I drove my Dad to the Emergency Department at a Hospital very close to their house. We got all the metal out of our pockets while my Dad became more and more disoriented. Finally, we got back to my Mom’s room. We waited and they brought in an x-ray. Time just ticked. I figured that she would discharge and we’d be home by 7 at the latest.
After the PA came in for the third time he said that “Unfortunately, there is a break. And it’s one of the classic ball and socket break wherein it jams into itself.” I wouldn’t see the x-ray until the following afternoon in another Emergency Department. The doctor came in about 20-minutes later and we talked. I told her that with her right arm with a break that she had no abilities. My 74-year-old Dad with bad hips who walks so slow cannot take care of her, and as I thought, I began to realize that all life had changed for us. She agreed and asked if she would want to go to a rehab hospital. I told her flatly, “No. My mother is stubborn. She won’t go, but I have power of attorney.” The doctor laughed dryly and said, “Everyone thinks those are for resuscitation with heart attacks, and they are for stuff just like this,” and then she patted my shoulder with compassion. We agreed to have my Dad try to help her at home. Left side still very paralyzed, as it had been for the last forty-four years, and now terrified of falling again, and no use of her splinted right (good arm) translates into very minimal functioning. Far fetched at best that she can be at home.
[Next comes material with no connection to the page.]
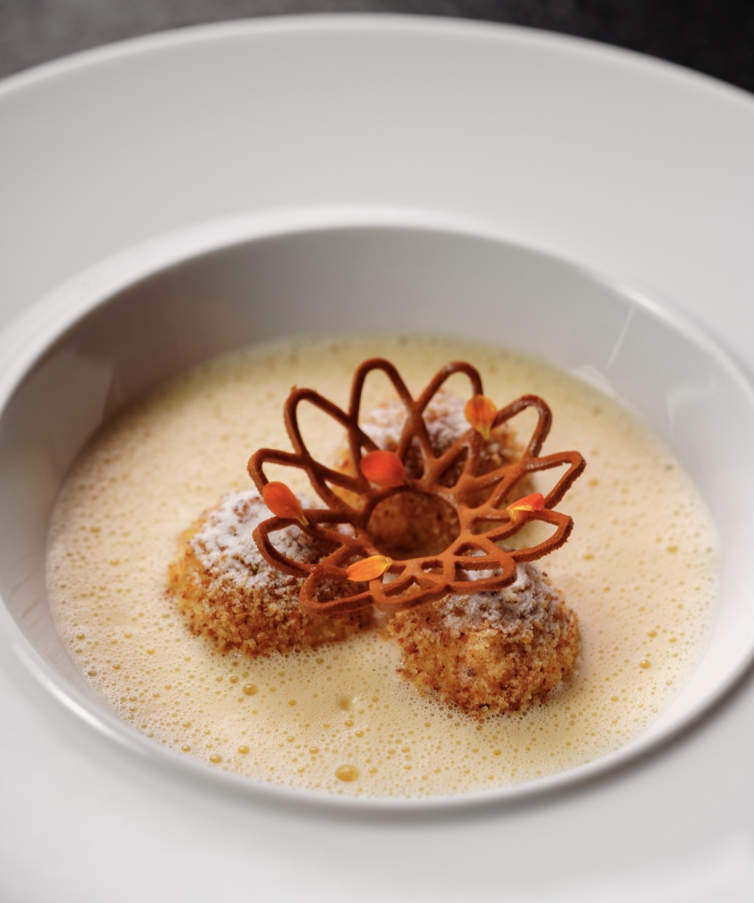 Para a sobremesa, Bolinho de queijo Quark com espuma de baunilha, framboesas e gianduia de amêndoas (R$49).
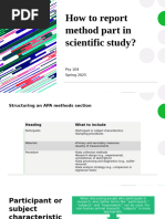 --------------------------------------------------------------------------------------------------------------------------------------C. Other analyses you need to conduct although these statistics should be reported in the Method section => However, you will report the results of these analyses in the Method section rather than the Result section. Look back at the example write-up of a Method section I included in assignment 2; for example, it will tell you how to report information about your scale scores and alpha reliability analyses and participants; I do not provide a section for Outlier analyses but you all should have a final paragraph in your Method section that says what you did to check for outliers and what you found even if you say that you did not find any outliers.) => So, we suggest that you hand in a complete revised Method sectionor at the very least, provide parts of the Method section that have the following information in them: 1. Participants: report percentages of gender & ethnicity; mean & range for age; any other statistics about your Ps you measured and you feel are important to provide 2. Measures: for each major measure (construct), report means, standard deviations; if multiple items, report # of items & Alpha reliability (report in same section in which you describe the measure/items, etc.) 3. Any other reliability information (e.g. inter-rater) should go into the Method section as well. Only information that tests the hypothesized relations should be reported in the Results section. 4. Outliers: How did you check for outliers (e.g., look at descriptive statistics are min, max what you expect? Maybe compute z-scores for key variables & also look at scatterplots if you are running correlations)? Did you find any? Say if you did not; if you did, ecide what to do with them & describe in Method section).

I realized that we had taken my SUV. My mother has to fall into the seat to get her butt in the passenger side, grab the handle that comes down when you pull it, and then scoot back by lunging for several minutes until my Dad or I turn her, and then we bend her knees to get her lower half in. And this process is when she’s operating under normal functioning. Now, she has no arm. I told Dad that I had to go back and get his car. So, I did. I drove back from the hospital to their house and stabbed a sausage that was half eaten with my spork because that was pretty much all that was left from my lunch and it was after 7 pm and was dark and cold.
I called my mother-in-law. She and my sister-in-law who lives with us currently, are nurses. They are good too. The former told me to get a gait belt, and use that to move her so she wouldn’t fall. She explained that use to me, and it was then that I realized that the gaits of my parents couldn’t be more out of synch. My Dad shuffles his feet with baby steps, and my mother swings a right leg sideways and drags a left foot behind. How was it going to work with her belted to him? Visions of my Dad’s hips shattering as they both fell in their house ensued. She reiterated what the doctor said, and I said, “She’s never going to speak to me again when it hits her that I sent her to Rehab. She’s very stubborn, and can be combative.” My mother-in-law assured me that she would need lots of care because her good arm was broken. We hung up and she called me 10-minutes later and said that she would be helping me. I sighed and felt a surge of emotion.
I’ll finish this piece tonight. It’s already very long, but getting it out has helped me as I process the last 48-hours in an empty house. My partner and sister-in-law have left with my saint of a mother-in-law and her boyfriend to go to AZ. My partner has a new, and biological nephew. Beginning of life is certainly contrasted with what is going on here.